• Task brief
Each line from the one with "メニューバーの「おたより」→「校長室だより」から閲覧することができます。" through the last line below must be written out exactly. Do not copy pictures.

[[ Dataset excerpt open ]]

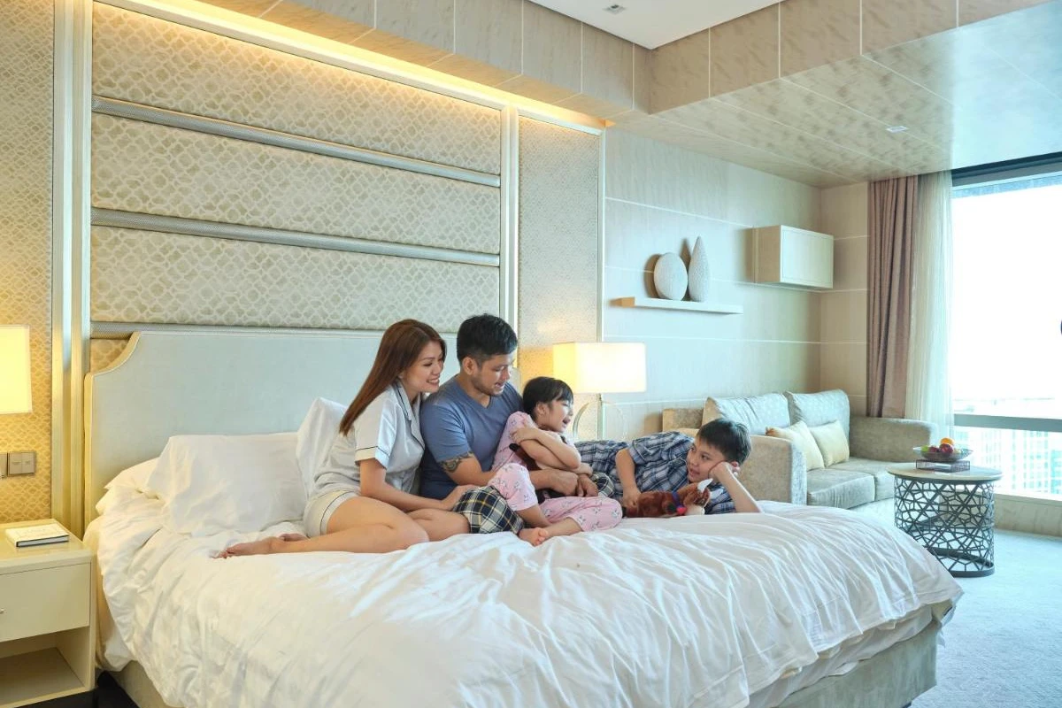 The High Street Cafe and Lounge tempt with international selections and freshly baked pastries alongside a daily buffet breakfast that nourishes with global flavours, while Canton Road crafts authentic Chinese dishes like delicate dim sum. Raging Bull Chophouse & Bar grills premium steaks à la carte, Raging Bull Burgers delivers hearty American classics, and Samba weaves Peruvian specialties into vibrant plates, with in-room dining available for quiet evenings. Two outdoor swimming pools provide a relaxing urban oasis with city panoramas, where the pool bar serves chilled drinks, and the on-site fitness centre alongside a sauna restores balance. Spa at Kerry Sports offers signature massages to melt away tensions, and the Kid's Club sparks gentle adventures for little ones at an extra charge.
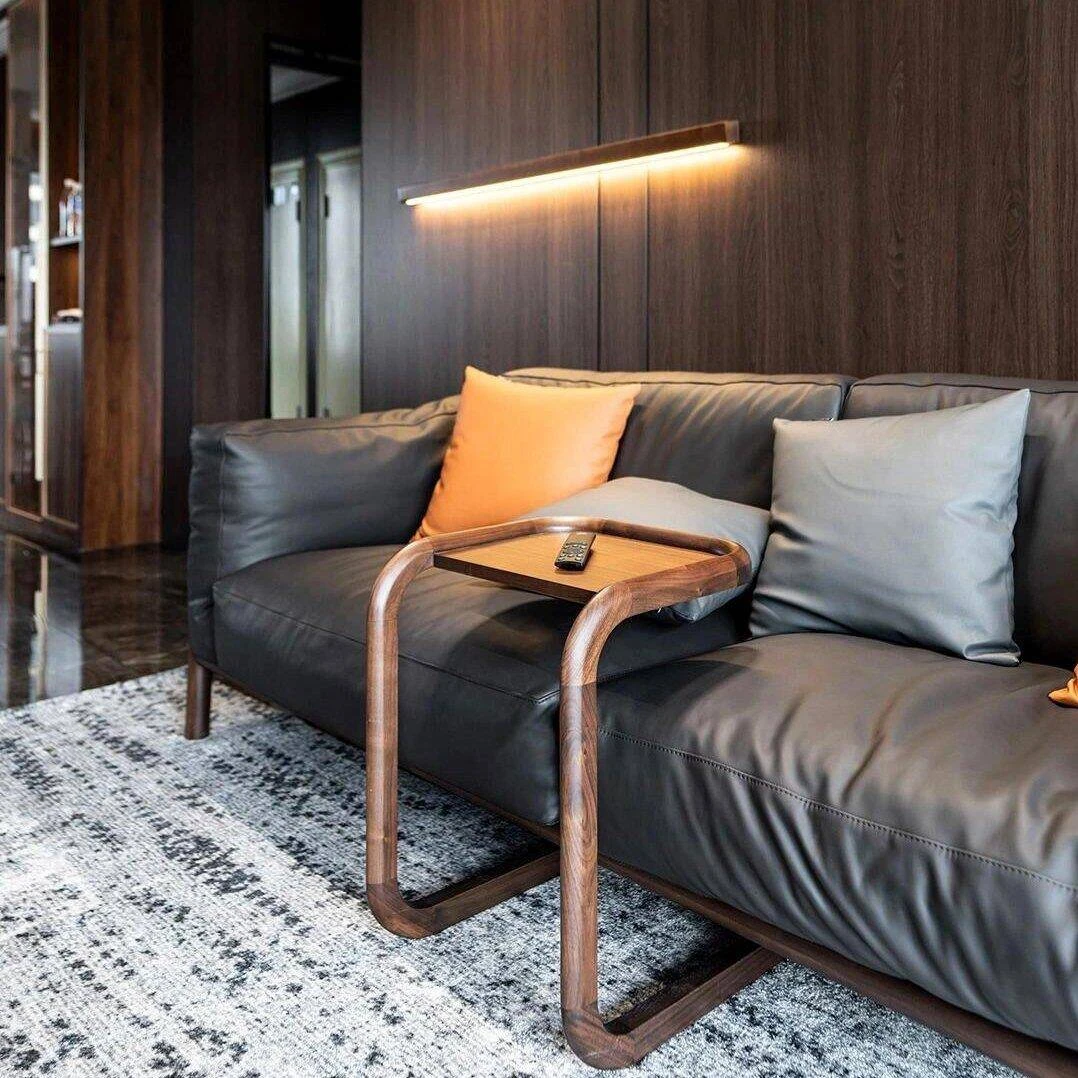 北米産ブラックウォールナットソファとコーヒーテーブルのセット - シンプルなデザインでオフィスやリビングに最適!ホワイトアッシュ材の直線的なスタイルで、大小さまざまなお部屋にぴったりの家具。
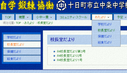 メニューバーの「おたより」→「校長室だより」から閲覧することができます。
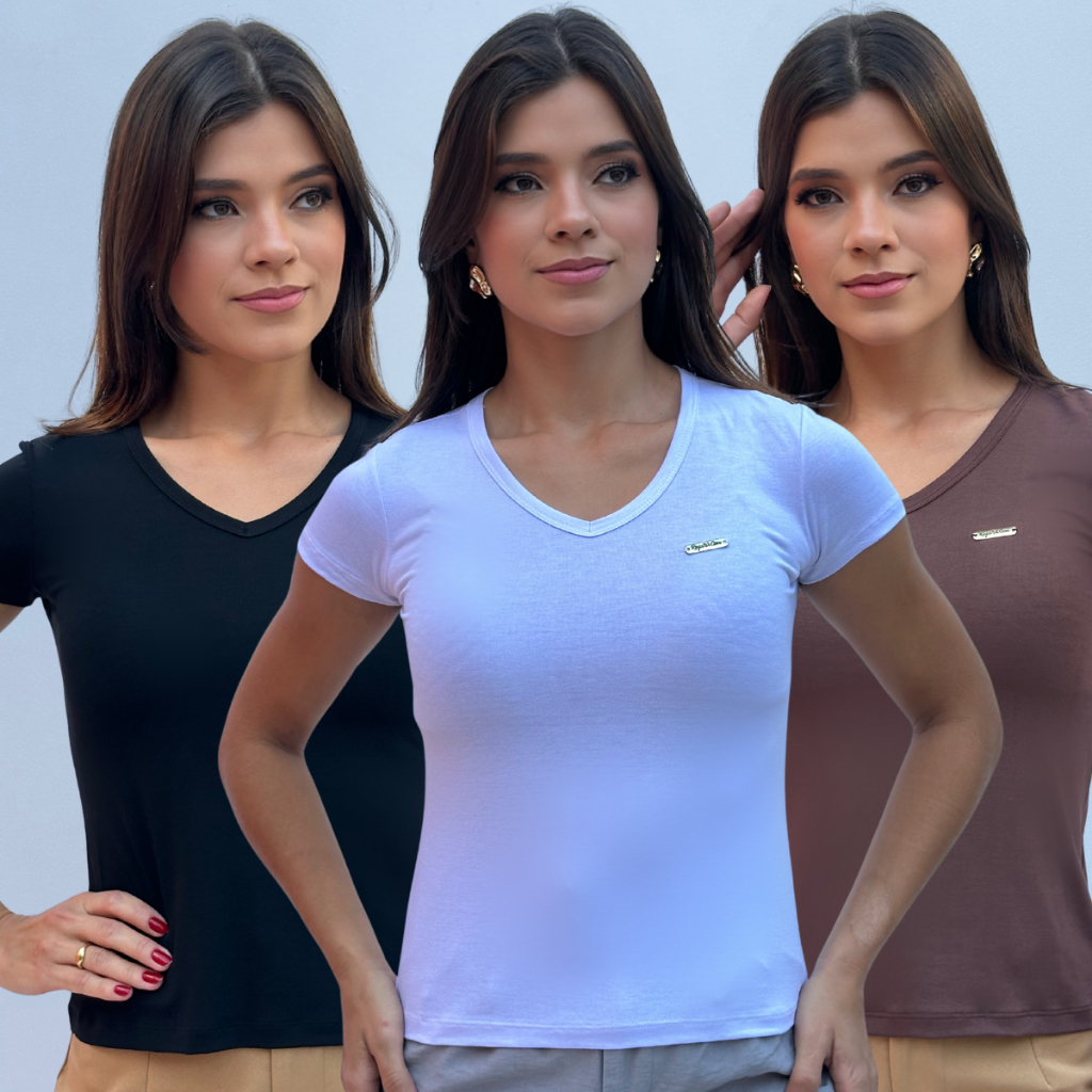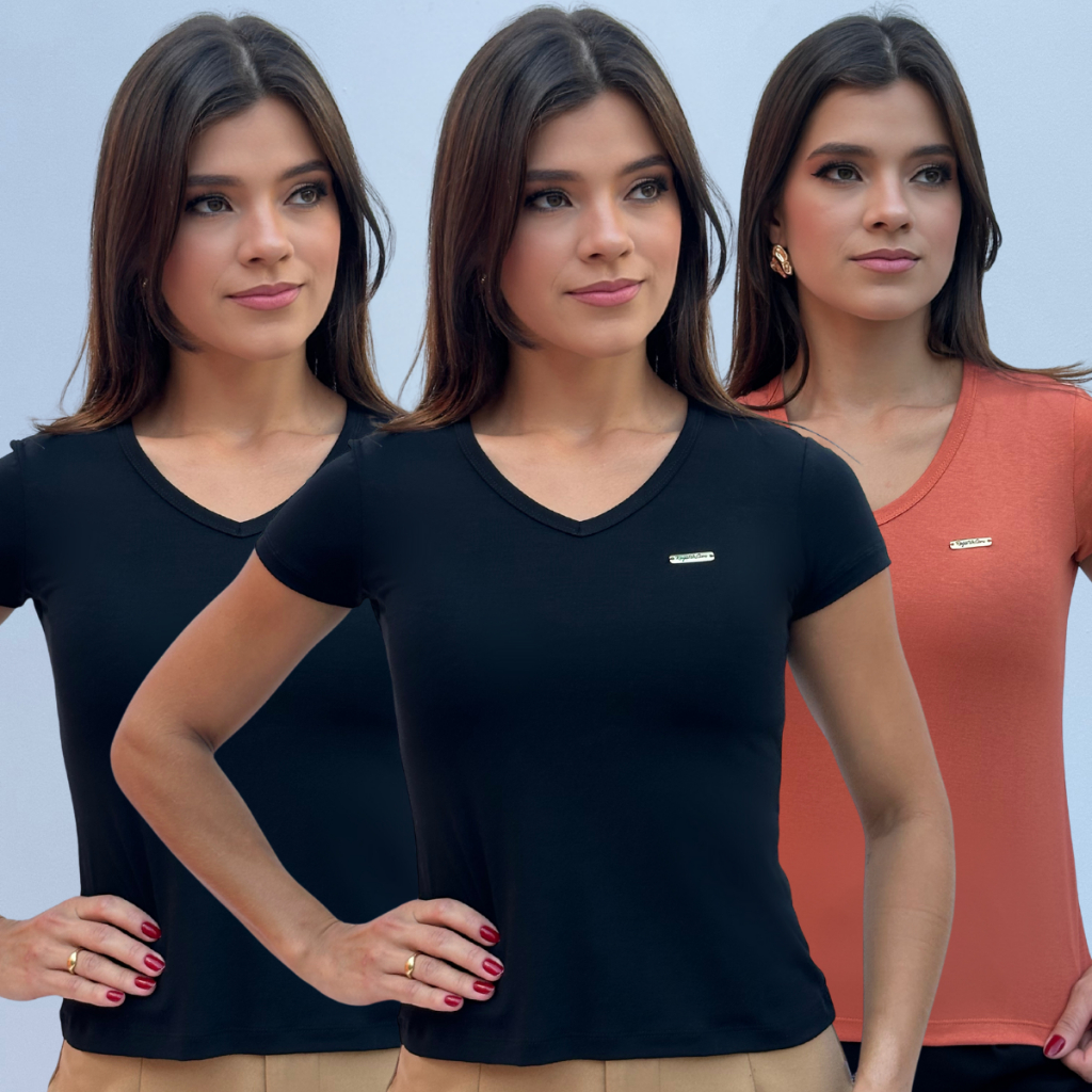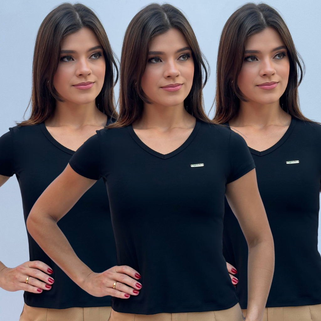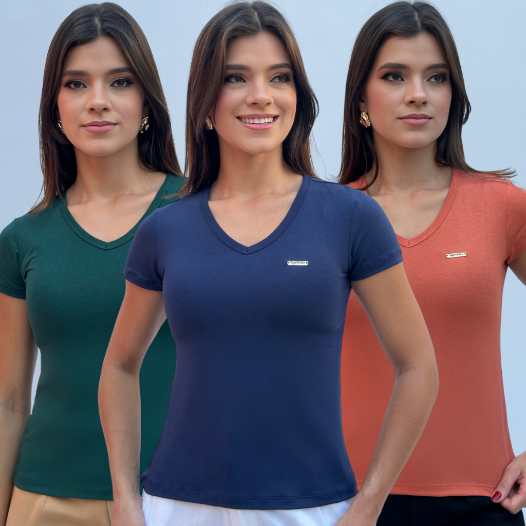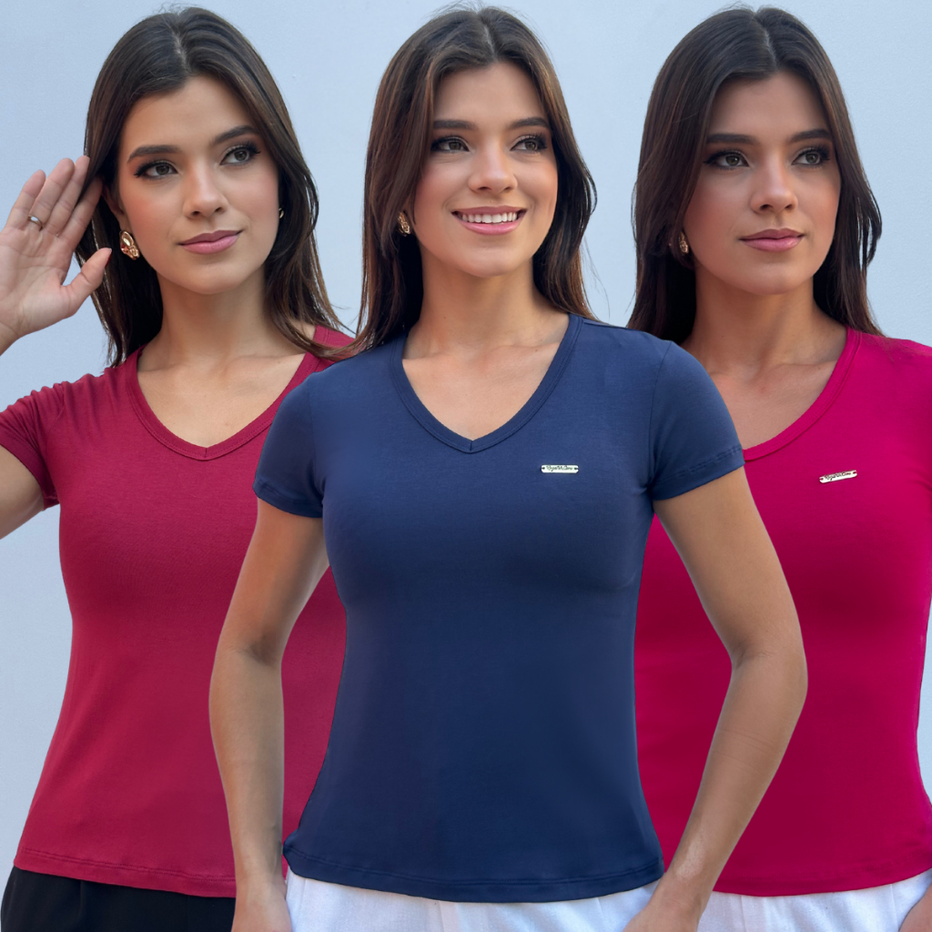 Kit 3 Baby Look Gola V Moda Básica Atual Blusa Feminina Malha Viscolaycra Manga Curta Confortável Elegante Moderna

[[ Dataset excerpt closed ]]

• Output of the exercise
 メニューバーの「おたより」→「校長室だより」から閲覧することができます。
 Kit 3 Baby Look Gola V Moda Básica Atual Blusa Feminina Malha Viscolaycra Manga Curta Confortável Elegante Moderna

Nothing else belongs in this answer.